§ Recorded data

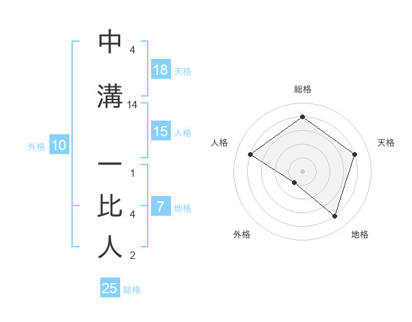 中溝 一比人さんを姓名の画数から五運を鑑定
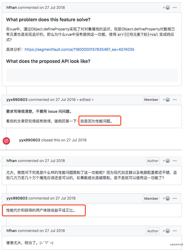 其实原因并不是因为Object.defineProperty()存在漏洞,而是出于性能问题的考虑。 Object.defineProperty 在数组中的表现和在对象中的表现是一致的,数组的索引就可以看做是对象中的 key 。
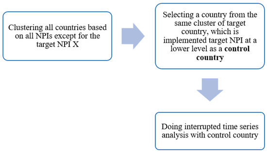 First, we clustered all countries with their data based on all studied NPIs except for NPI X. The K-Means clustering algorithm [12] was used for this purpose. This identifies which countries are in the same cluster as the target country. Among these countries, we determined pairs of countries that implemented NPI X at different levels. We then looked at the countries paired with the target country and selected the country which could work as a control group. A control country must have implemented NPI X at zero or lower levels for a period before and after NPI X implementation level changes in the target country. After selecting the control country estimate, we could use interrupted time series with counterfactual analysis for the control group to determine the effectiveness of NPI X. The methodology’s steps are illustrated in Figure 1.

§ To do
All that the answer may contain is the exact text of the lines from the one with "在数组中的表现和在对象中的表现是一致的,数组的索引就可以看做是对象中的 key 。" through the last line of the material, pictures excluded.

§ Answer
 其实原因并不是因为Object.defineProperty()存在漏洞,而是出于性能问题的考虑。 Object.defineProperty 在数组中的表现和在对象中的表现是一致的,数组的索引就可以看做是对象中的 key 。
 First, we clustered all countries with their data based on all studied NPIs except for NPI X. The K-Means clustering algorithm [12] was used for this purpose. This identifies which countries are in the same cluster as the target country. Among these countries, we determined pairs of countries that implemented NPI X at different levels. We then looked at the countries paired with the target country and selected the country which could work as a control group. A control country must have implemented NPI X at zero or lower levels for a period before and after NPI X implementation level changes in the target country. After selecting the control country estimate, we could use interrupted time series with counterfactual analysis for the control group to determine the effectiveness of NPI X. The methodology’s steps are illustrated in Figure 1.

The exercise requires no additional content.